There is a page on the Merlin Wiki that explains Policy Based Routing in detail.
https://github.com/RMerl/asuswrt-merlin/wiki/Policy-based-routing

@CaptainSTX The Policy based routing GUI cannot Selectively route "applications" - source devices/subnets ONLY

Applications use ports and whilst the router can indeed Selectively route ports to a specific VPN by fwmark tagging (using custom scripts) you cannot differentiate between applications.
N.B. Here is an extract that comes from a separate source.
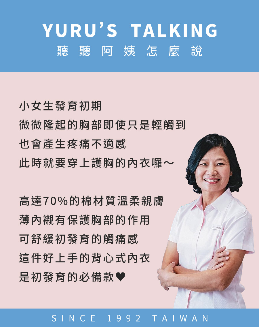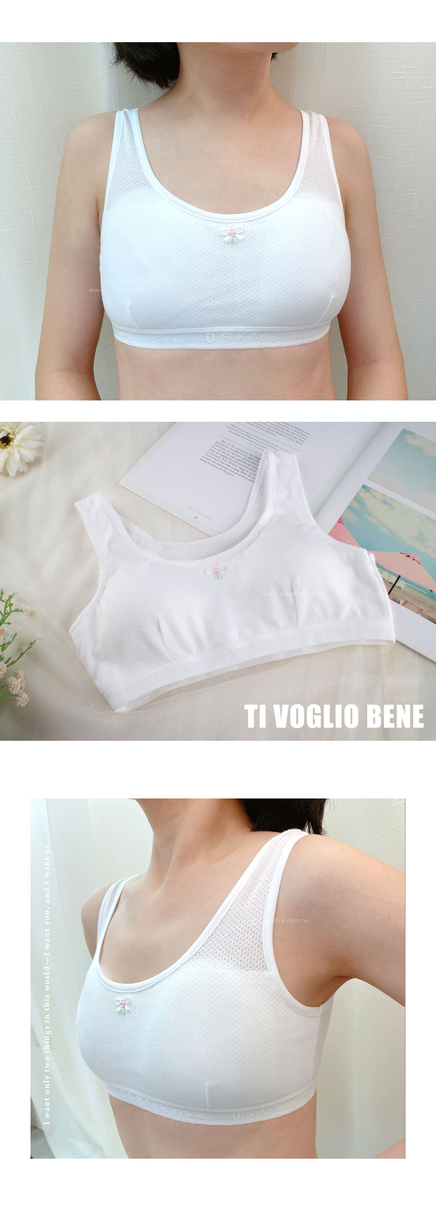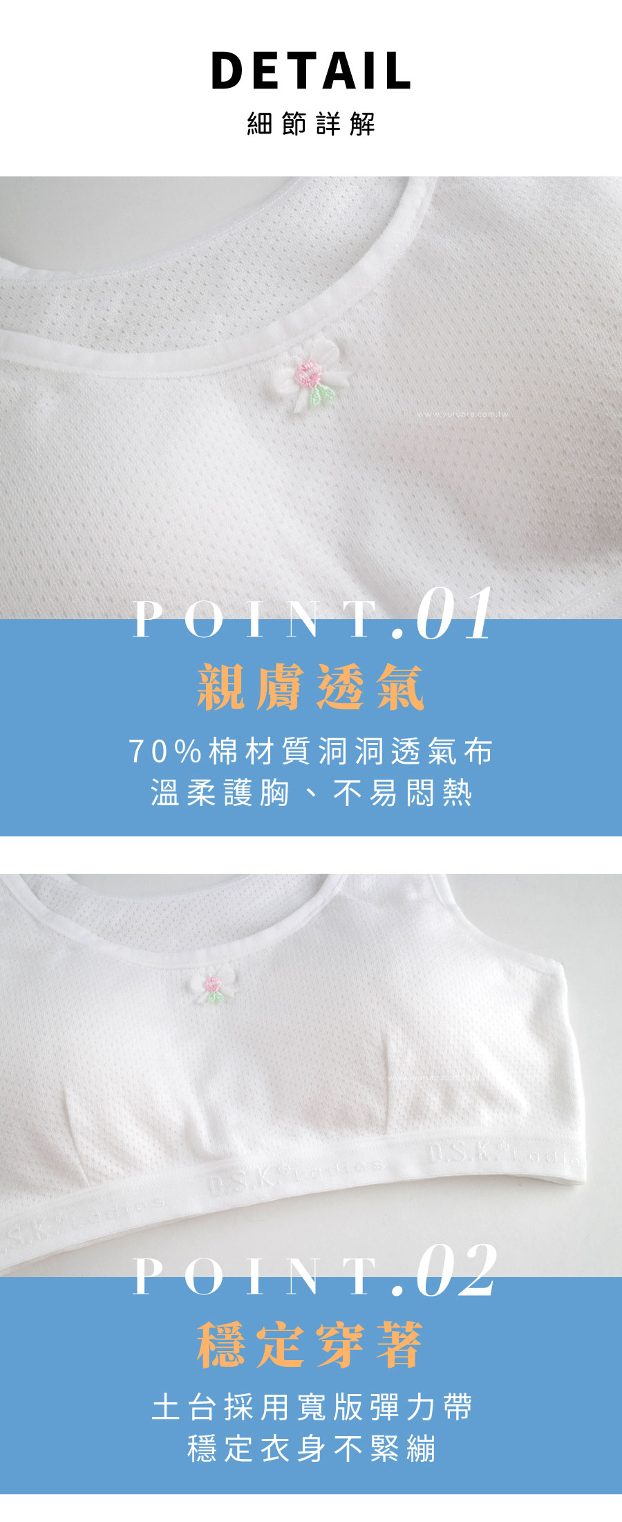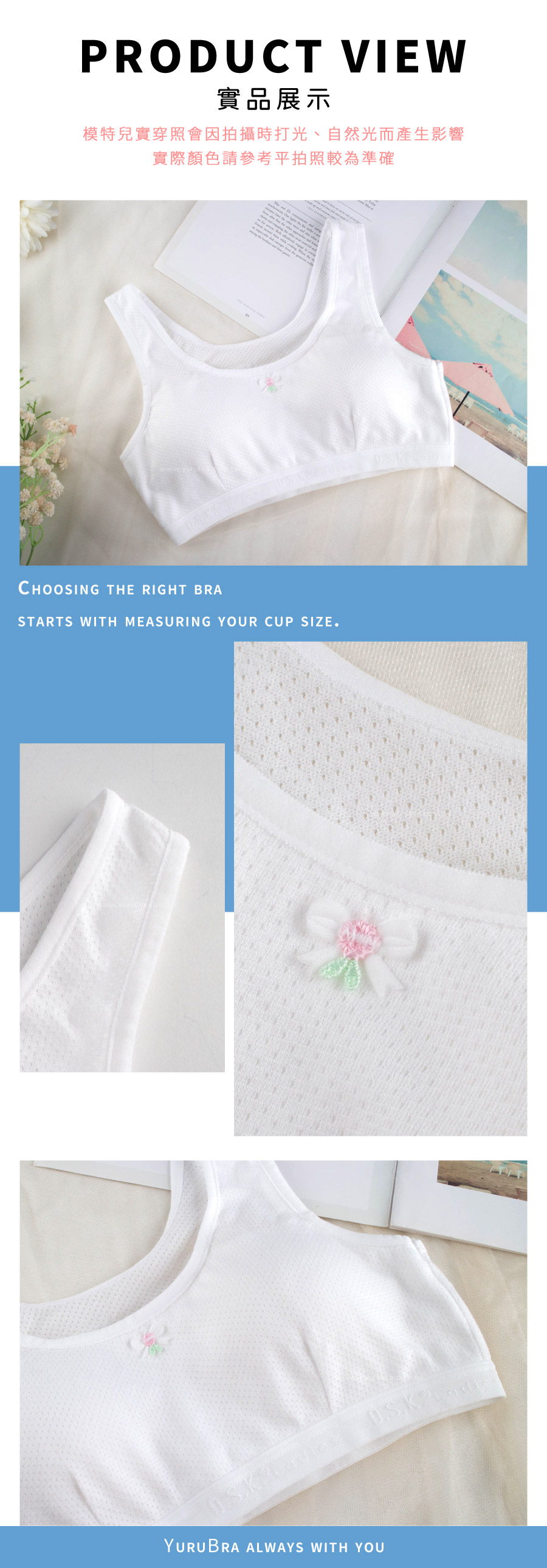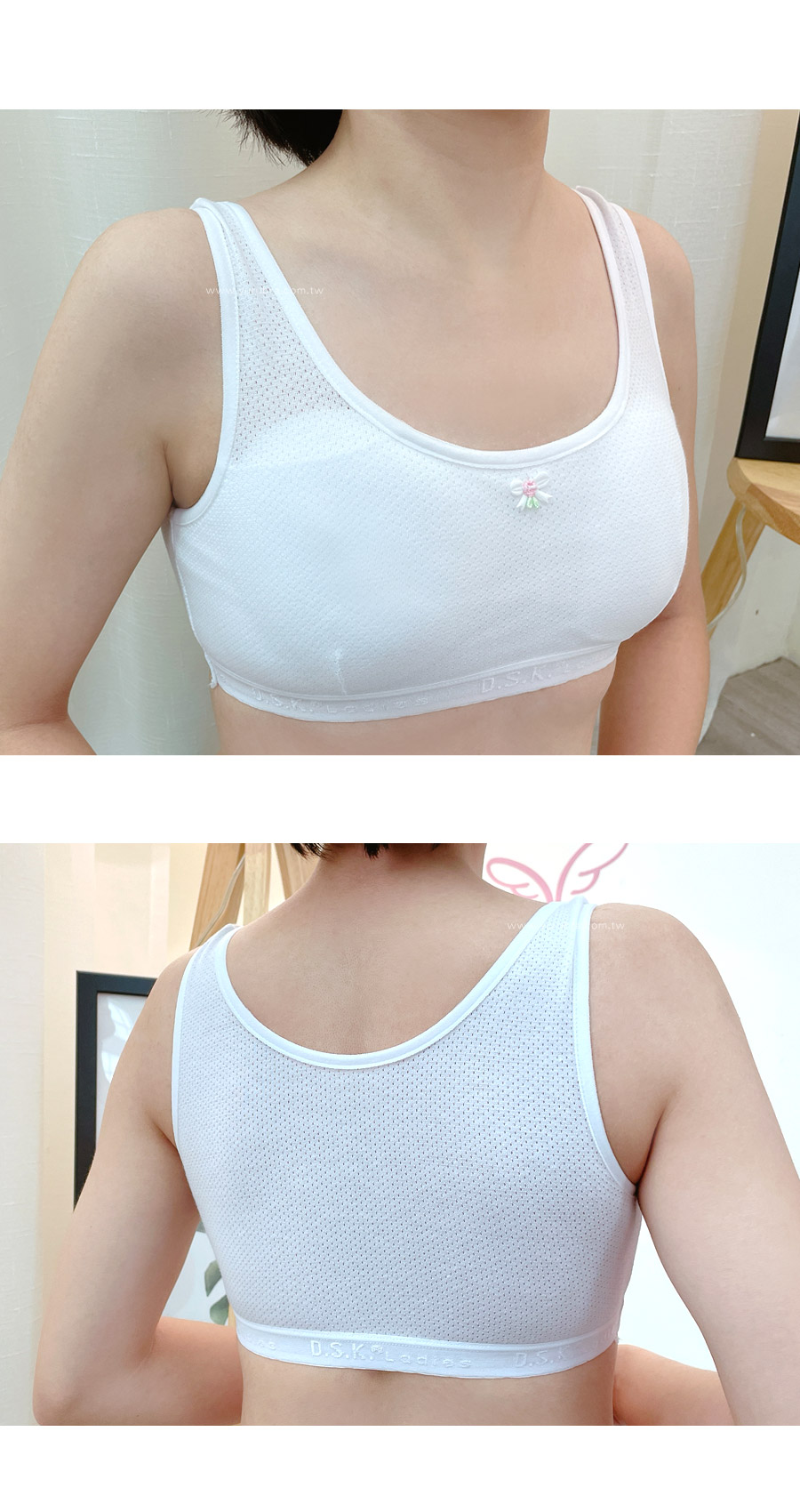 ★護胸、舒適、好穿脫,少女胸部發育初期必備 ★表布皆採洞洞透氣布,完整包覆護胸也不易悶熱 ★70%棉材質,親膚呵護初發育的胸部 ★活動薄內襯,可緩衝觸碰的不適,也可防止尷尬激凸 ★土台採用彈力緊帶,穩定衣身不緊繃 ★背心式設計,像衣服一樣的簡單穿脫 ★胸前小花點綴,少女的可愛氣息倍增 ★台灣製造,品質保證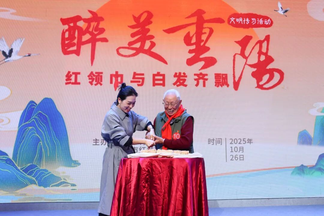 温岭市少先队终身辅导员俞明德爷爷和温岭市青少年宫副主任陈伟阿姨共同切开象征团圆长寿的重阳糕。

e.g. Suppose url www.abcdefg.com:80 is Selectively routed via a VPN rather than the WAN.
If a Laptop is connected to the router, and you use Firefox to access the url, suppose you then use Chrome to access the same url? The Selective routing will occur in both cases, but the router has no way of knowing if the client used Firefox or Chrome as the initiating application.

 

[Butterfly Bones]

I misunderstood what OP wanted, sorry.

I have OpenVPN for Android that can enable specific apps able to access the tunnel, but none of the desktop app offer that ability, at least from the two VPN providers I use.

 

[CaptainSTX]

@CaptainSTX The Policy based routing GUI cannot Selectively route "applications" - source devices/subnets ONLY

Applications use ports and whilst the router can indeed Selectively route ports to a specific VPN by fwmark tagging (using custom scripts) you cannot differentiate between applications.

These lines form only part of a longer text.